Dünya enerji taşımacılığının en kritik güzergahlarından biri olan Hürmüz Boğazı’nda artan jeopolitik gerilim, küresel ölçekte enerji piyasalarında endişeye yol açtı. Türkiye, 2019 yılından bu yana İran’dan doğrudan petrol alımı yapmıyor olsa da, ülkeye gelen ham petrolün yaklaşık yüzde 20’si ve belirli dönemlerde Katar’dan tedarik edilen sıvılaştırılmış doğalgaz (LNG) da Hürmüz üzerinden sevk ediliyor.

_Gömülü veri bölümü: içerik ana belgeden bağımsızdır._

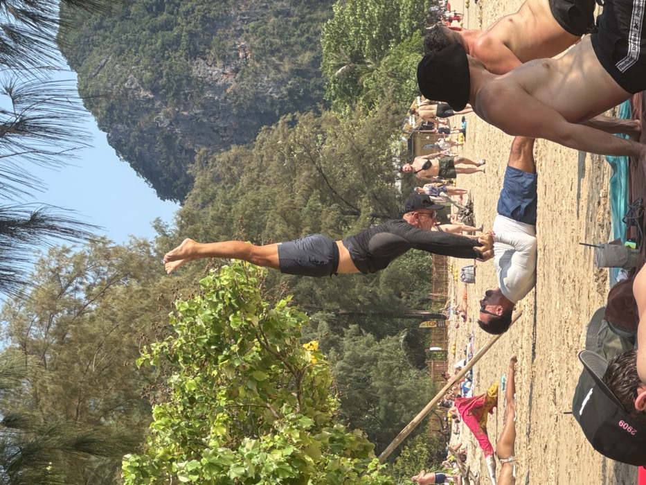 This image depicts a busy sandy beach in Ban Ao Nang, Thailand, under bright daylight. In the central foreground, two adult males are engaged in an acrobatic balance. One male, wearing a black long-sleeved athletic shirt and dark shorts, is performing a handstand-like pose, balancing his hands on the upturned feet of a second male. The second male is lying supine on the sand, wearing a light long-sleeved shirt, dark blue shorts, and sunglasses, with his legs raised and bent to support the first male. To the immediate foreground, a person is partially visible lying prone on a dark mat, wearing a black baseball cap. Adjacent to them, another person sits shirtless, facing right, wearing black shorts. A glass with a beverage and a straw rests on a mat nearby. The midground features numerous other individuals scattered across the sand, some walking, others lounging on towels or mats. One person in the mid-left is seen lying down in a vibrant pink patterned outfit. Yellow objects are distributed across the sand. The background consists of a dense line of tropical trees and foliage bordering the beach, with a large, steep, forested limestone mountain prominently rising under a clear blue sky. Overhanging pine-like branches are visible at the top of the frame.
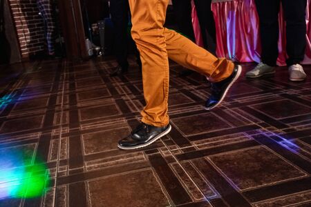 Legs of dancing people at the party.
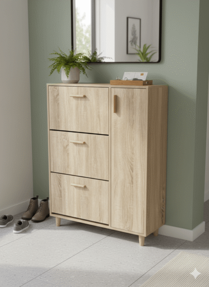 Meuble a chaussure 3Tiroirs et 1 Porte Beige
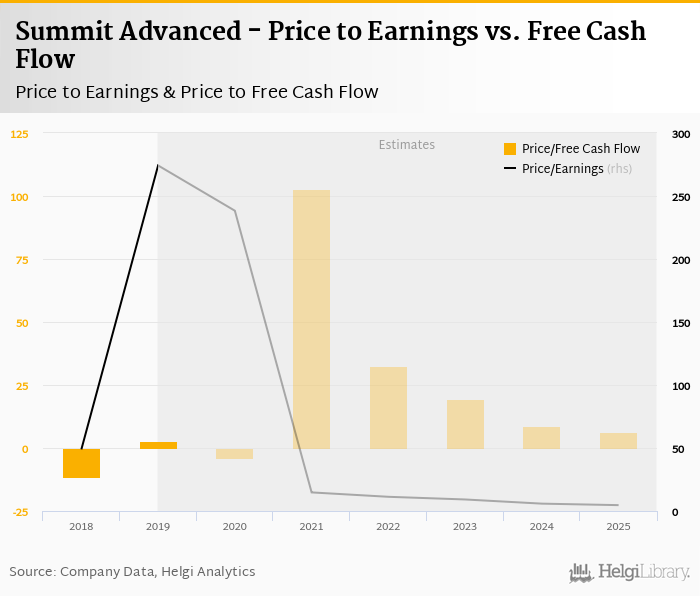 Regarding cash generated defined by the sum of net profit and depreciation, the stock traded at 88.5x at the end of 2019. When investments are excluded to get free cash flow, Summit Advanced traded at 2.71x.
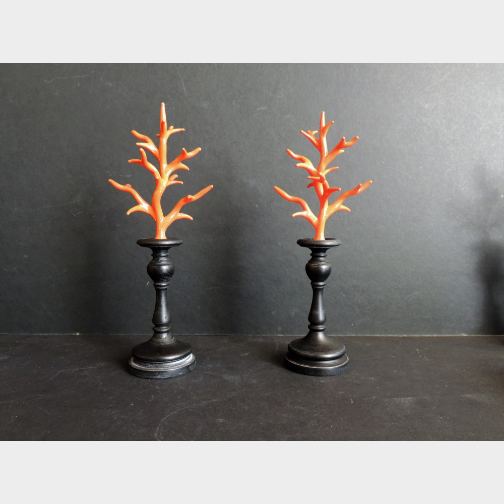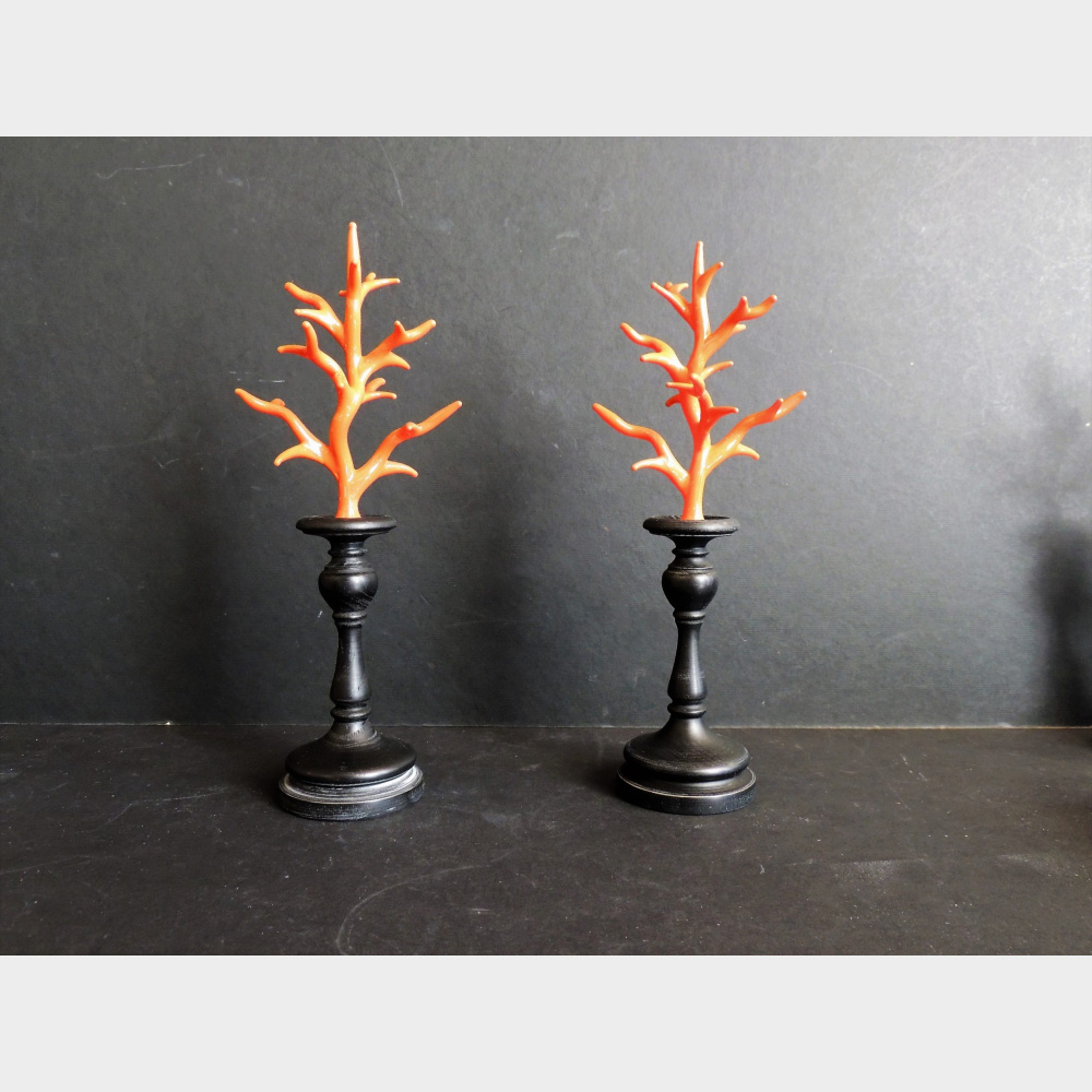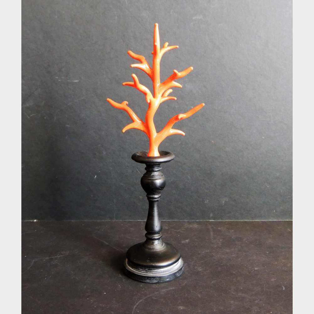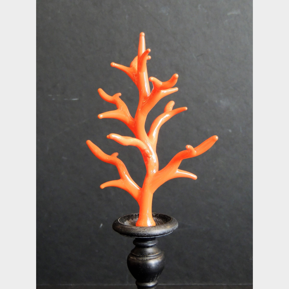 Coralli in vetro soffiato montati su una base in legno ebanizzato .

TEDARİK ÇEŞİTLİLİĞİ GÜVEN VERİYOR
Bu güzergah üzerinden gelen arzın sekteye uğrama ihtimaline karşı Türkiye uzun süredir enerji tedarikinde çeşitlendirmeye gidiyor. İran’dan doğrudan ithalat yapılmaması, bu ülkeye özgü riskleri şimdiden ortadan kaldırmış durumda. Ayrıca Gabar sahası gibi yerli üretim sahalarında kapasitenin artırılmasıyla birlikte, iç üretimin tüketimdeki payı artıyor. Son verilere göre bu oranın yüzde 8'e ulaştığı belirtiliyor. Enerji politikalarında öne çıkan bir diğer unsur ise alternatif güzergahlar:
Kalkınma Yolu ve Orta Koridor gibi bölgesel lojistik projeler, enerji akışını çeşitlendirme hedefiyle öne çıkıyor. Hürmüz Boğazı’nda yaşanabilecek her gelişme dünya piyasaları açısından önemli tehditler barındırsa da, Türkiye bu süreci görece sınırlı etkilerle karşılayacak bir altyapı ve hazırlığa sahip.